**Problem requirements**.
Print, word for word, every line from the beginning of the listing up to and including the line with "따라서 감기를 일으키는". Pictures are to be excluded.

**Entries supplied**.
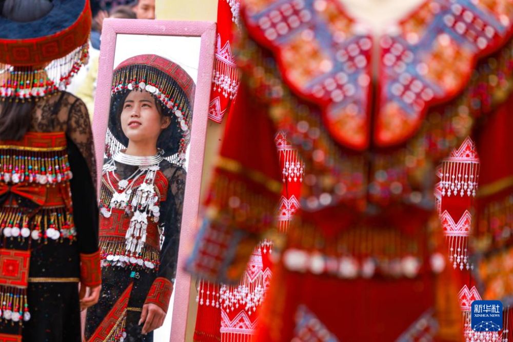 ??1月19日,在云南省紅河哈尼族彝族自治州開遠市的苗族集市上,少數(shù)民族群眾在試穿新衣。
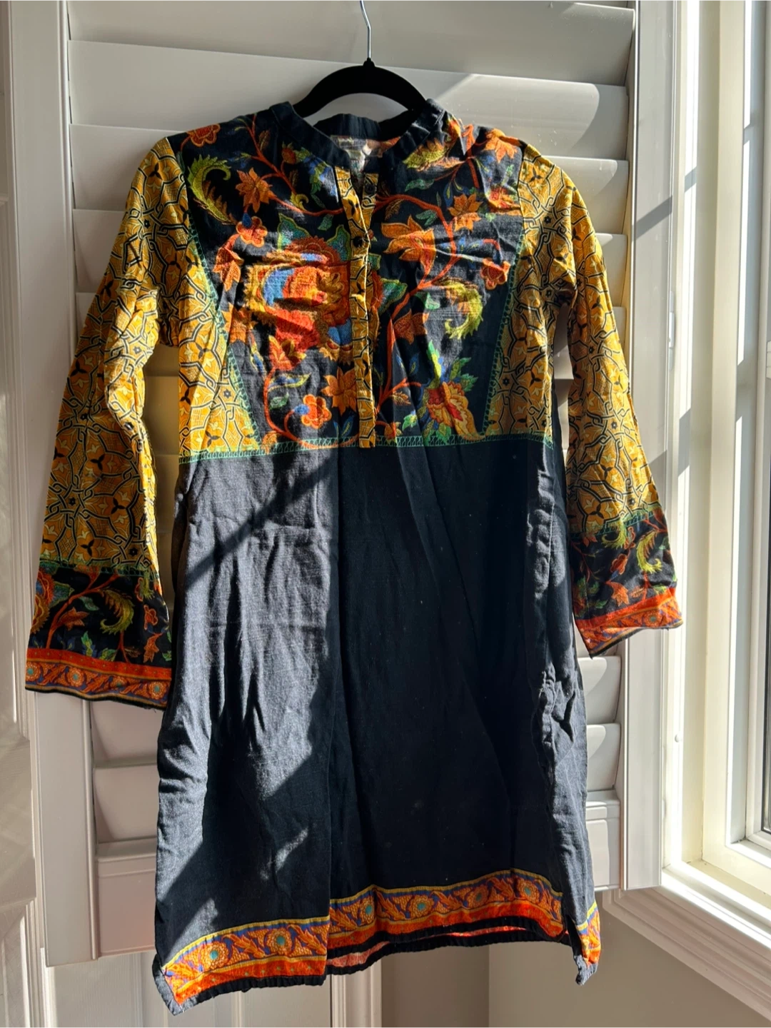 This tunic dress features a vibrant floral print on the upper portion and sleeves, with a solid dark blue/black lower half. It has long sleeves and a button-up neckline. Perfect for adding a pop of colour to your wardrobe! Size medium
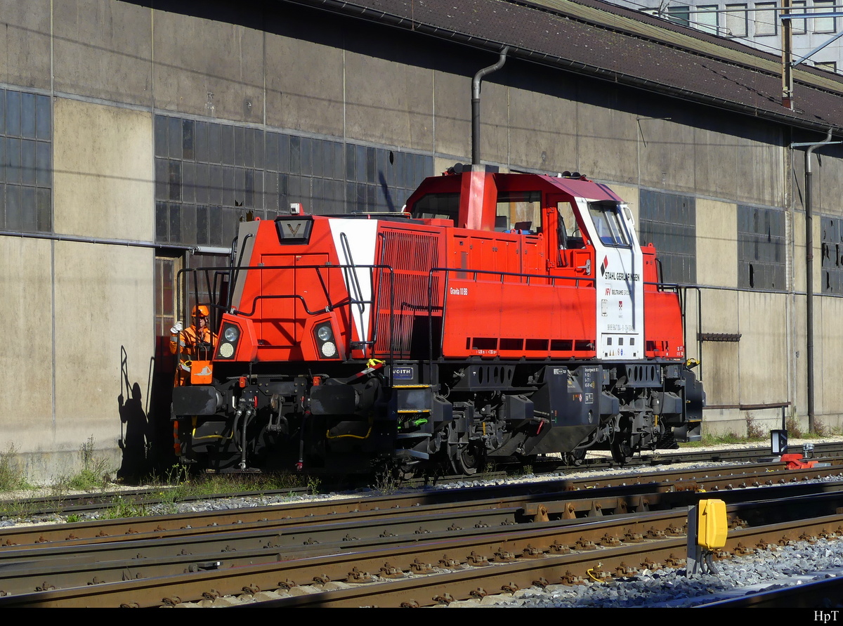 Em 9885 5837 830-9 holt die leeren Zementwagen im Übergabebahnhof. Hinter der Lok endet die Schmalspur des Dreischienengleises. Für die Meterspurfahrzeuge zum Holcimwerk und zum Kieswerk Untervaz wird dieses Ausziehgleis für die Spitzkehre benötigt. (24.03.2020) Herbert Graf
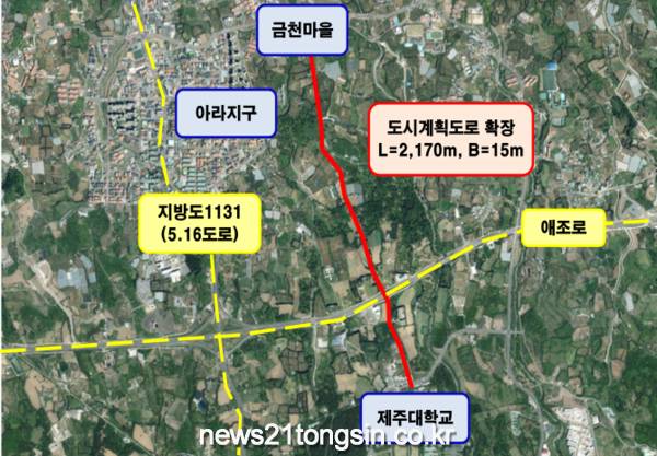 이번 사업은 제주대입구~금천마을 간 교통량 분산을 위해 총사업비 158억(보상비 76억, 공사비 82억)을 투입해 연장 2.17km 구간을 폭 15m(왕복 2차로)로 확장한다.
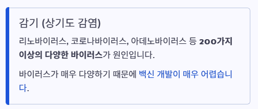 따라서 감기를 일으키는 바이러스는 매우 다양하기 때문에, 감기를 예방하는 백신 개발은 매우 어렵습니다. 반면 독감은 원인 바이러스가 정해져 있어서 매년 예방백신 접종이 가능합니다. 이것이 두 질병의 가장 근본적인 차이점입니다.
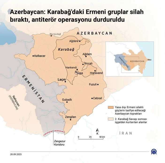 Azerbaycan, 2020'de yapılan ateşkes anlaşmasında ve Ermenistan'ın taahhüdünde yer aldığı üzere Azerbaycan toprağı olarak kabul edilen Karabağ'da anayasal düzeni sağlamak ve yasa dışı silahlı grupları temizlemek için antiterör operasyonu başlattı.
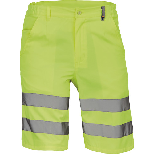 • férfi Hi-Vis rövidnadrág 7 cm széles fényvisszavető csíkokkal • 2 oldalsó zseb + 1 érmezseb • 2 hátsó zseb • rugalmas oldalsó betétek a derékon
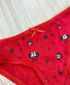 Slip bambina natalizio in cotone, di colore rosso, con stampa Minnie di colore bianco e nero, con applicazione di fiocchetto.
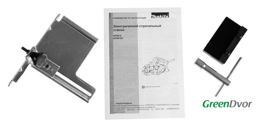 Комплект поставки | Шаблон для установки ножа, Ограничитель глубины выборки паза, Параллельный упор, Лезвия для рубанка, Торцевой гаечный ключ |
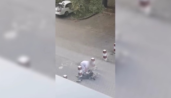 Az alig egyperces felvétel szeptember 19-én, csütörtökön készült a Borsod-Abaúj-Zemplén Megyei Központi Kórház udvarán, és a videó elején az látszik, hogy egy fehér ruhás betegkísérő egy földre borult, félig a kerekesszékben ülő – és egyébként teljesen magatehetetlen – beteg felett matat, majd többször is a félig földön fekvő betegbe rúg
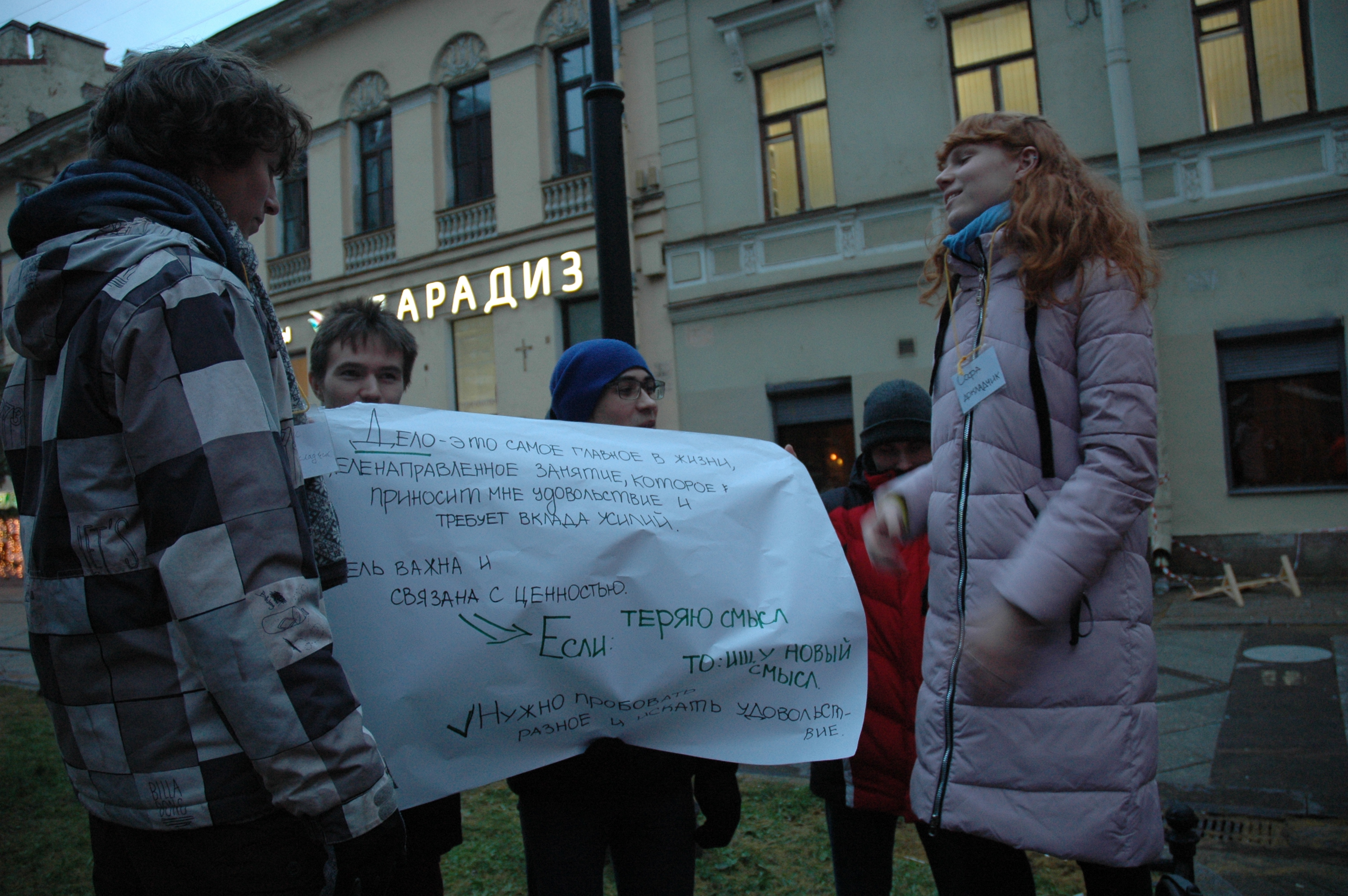 Уличный диспут на тему "что самое главное в жизни?". Рассмотрели 2 позиции - дело и отношения, коротко затронули драйв и развитие.
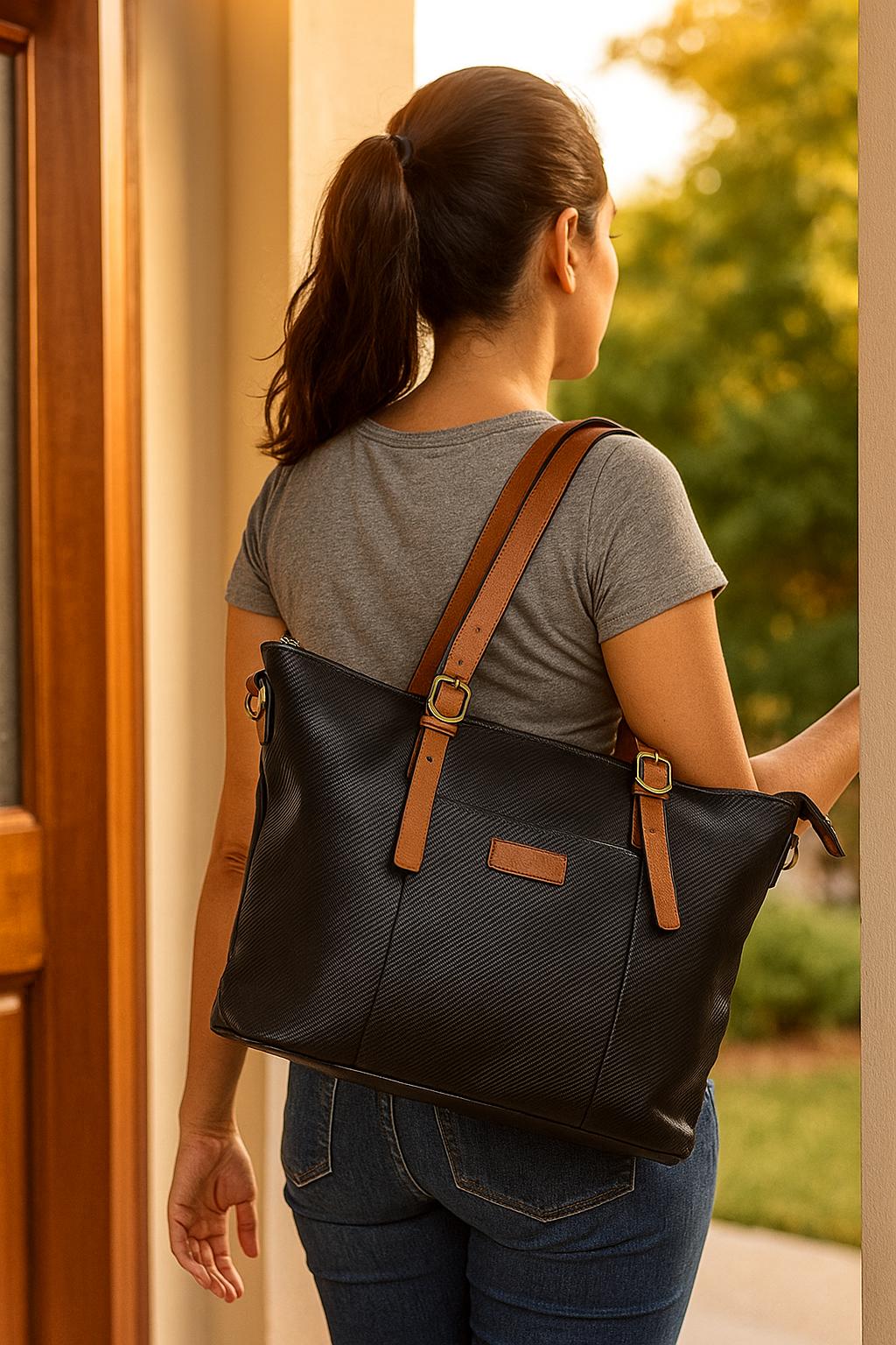 Un bolso pensado para acompañarte a todas partes. Diseño amplio, elegante y cómodo, con doble asa —una fija y otra de tela ajustable y extraíble— para adaptarse a tu ritmo. Disponible en dos tonos atemporales: negro y camel.
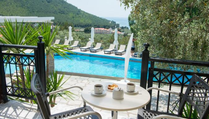 Каждый день в столовой подают завтрак "шведский стол". В традиционном греческом ресторане с панорамным видом на море и зеленый пейзаж города Скала-Рачони можно пообедать и поужинать. В баре можно заказать различные напитки и кофе.
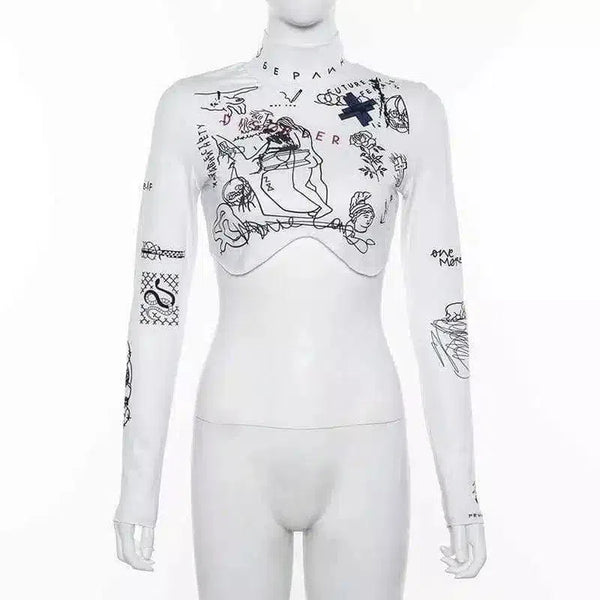 Tattoo Print Long Sleeve Bodysuit for Layering
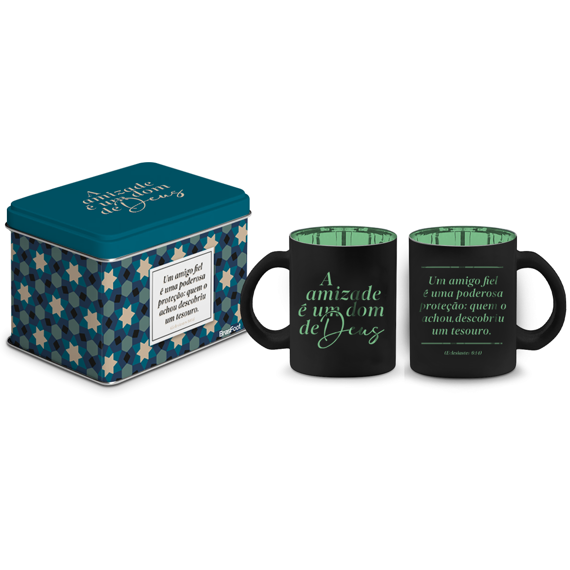 CANECA VIDRO DIAM.MET.LATA 300ML AMIZADE É UM DOM DE DEUS
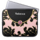 A bolsa de laptop chamativo do monograma com cor damasco e bling cor-de-rosa simulado de pedra preciosa do diamante e espaço que do monograma você pode personalizar com todo o nome, iniciais, ou mensagem. Este design protege seus eletrônicos portáteis tais como sua netbook, laptop, ou tabuleta no estilo chamativo e faz-lhe seus próprios.
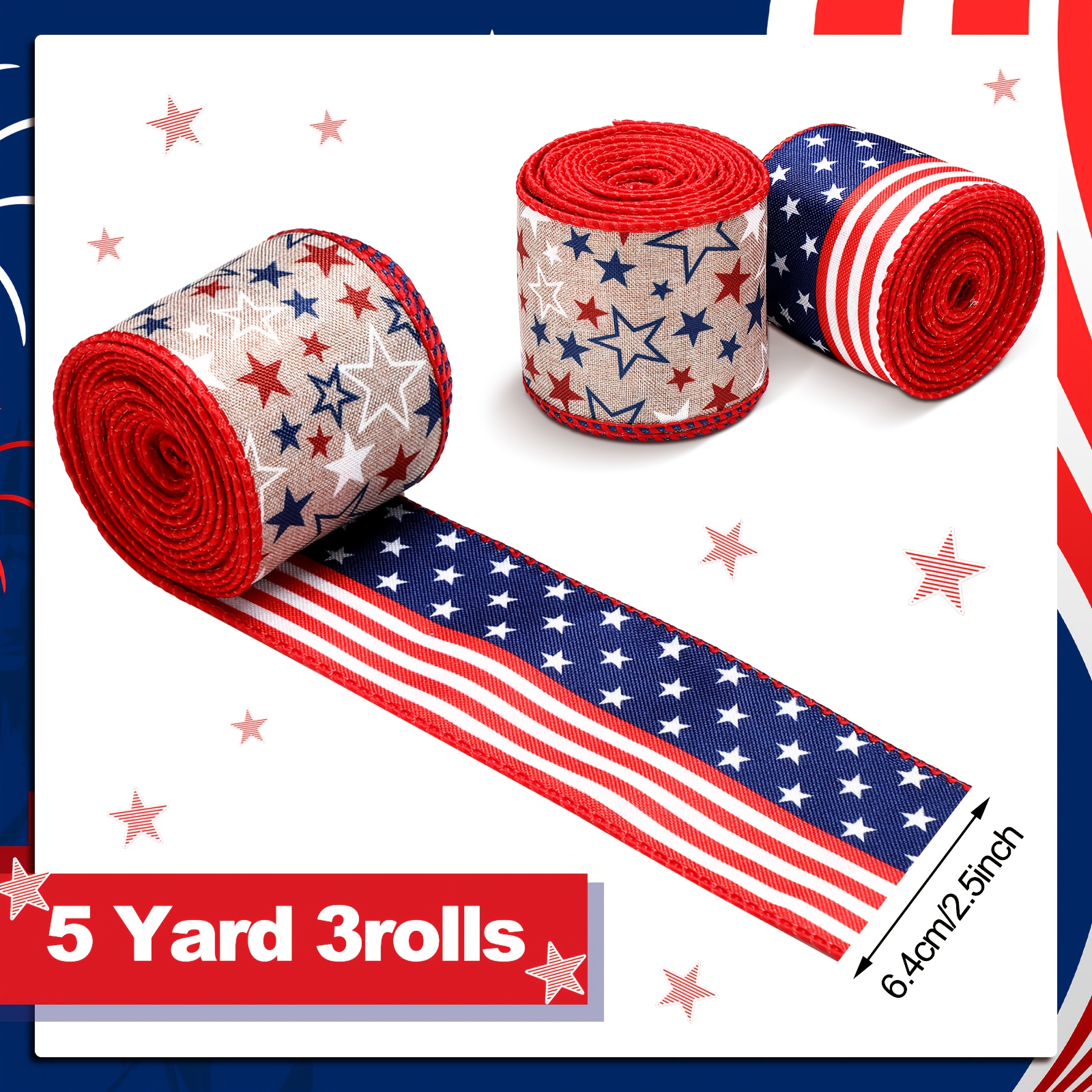 PartyDecorpro Patriotic American Flag Wired Ribbons
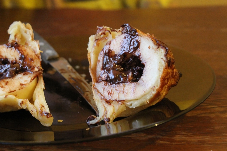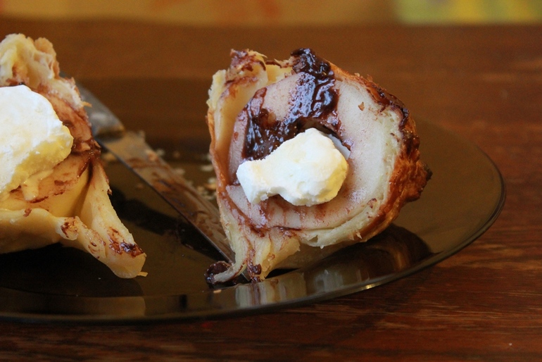 Я балансировала на одной ноге, двумя руками дотягиваясь до стопки пятилетней давности журналов "Лиза. Приятного аппетита". Там, я точно знала, есть рецепт превосходного песочного пирога с грушами, проваренными в сахарном сиропе и залитыми толстым слоем шоколадно-трюфельной начинки. Я не нашла его. Возможно, это был знак, но меня было не остановить.Т.к. главному повару всего шесть лет, решено было приготовить что-нибудь попроще и мы выбрали "груши с шоколадной начинкой в слоеном тесте".
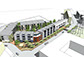 Building forms and materials recall the industrial structures surrounding the site. Deep openings in the As part of the project a historic water tower on the site will be preserved and renovated to become the iconic heart of the new development.
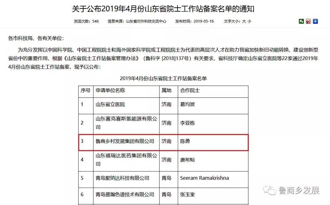 5月16日,省科技廳公布了2019年4月份山東省院士工作站備案名單,魯商鄉(xiāng)村發(fā)展集團有限公司(以下簡稱“公司”)申請備案的“鄉(xiāng)村振興”院士工作站位列其中,成為公司首個省級院士工作站。
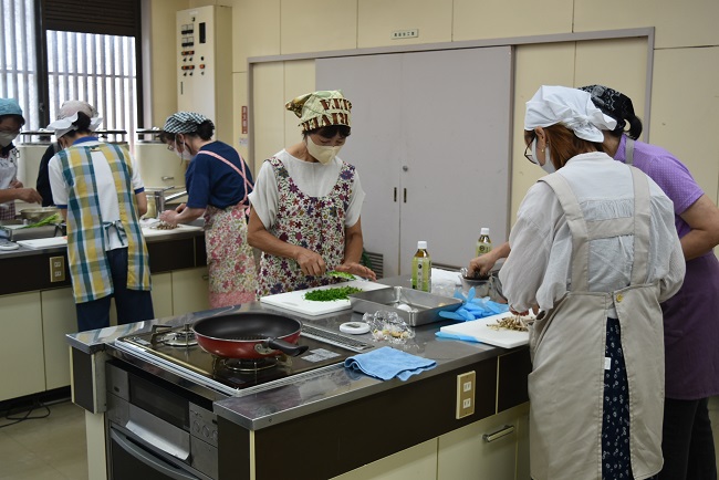 JA長生女性部短期大学校の第5回講座となる米粉の講習会が、白子町健康づくりセンターにて行われました。参加した14名の短大生らは、班ごとに分かれ調理を開始し、「ういろう」や「がんも」「ドリア」など全5品の米粉料理を作りました。
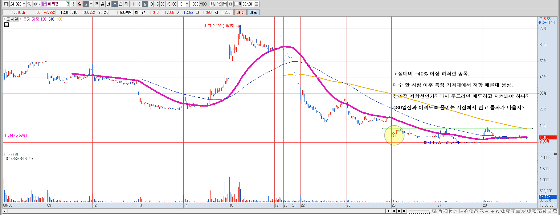2. 매수 한 시점 이후 특정 가격대에서 저항 매물대 생성.

**Answer space**.
 ??1月19日,在云南省紅河哈尼族彝族自治州開遠市的苗族集市上,少數(shù)民族群眾在試穿新衣。
 This tunic dress features a vibrant floral print on the upper portion and sleeves, with a solid dark blue/black lower half. It has long sleeves and a button-up neckline. Perfect for adding a pop of colour to your wardrobe! Size medium
 Em 9885 5837 830-9 holt die leeren Zementwagen im Übergabebahnhof. Hinter der Lok endet die Schmalspur des Dreischienengleises. Für die Meterspurfahrzeuge zum Holcimwerk und zum Kieswerk Untervaz wird dieses Ausziehgleis für die Spitzkehre benötigt. (24.03.2020) Herbert Graf
 이번 사업은 제주대입구~금천마을 간 교통량 분산을 위해 총사업비 158억(보상비 76억, 공사비 82억)을 투입해 연장 2.17km 구간을 폭 15m(왕복 2차로)로 확장한다.
 따라서 감기를 일으키는 바이러스는 매우 다양하기 때문에, 감기를 예방하는 백신 개발은 매우 어렵습니다. 반면 독감은 원인 바이러스가 정해져 있어서 매년 예방백신 접종이 가능합니다. 이것이 두 질병의 가장 근본적인 차이점입니다.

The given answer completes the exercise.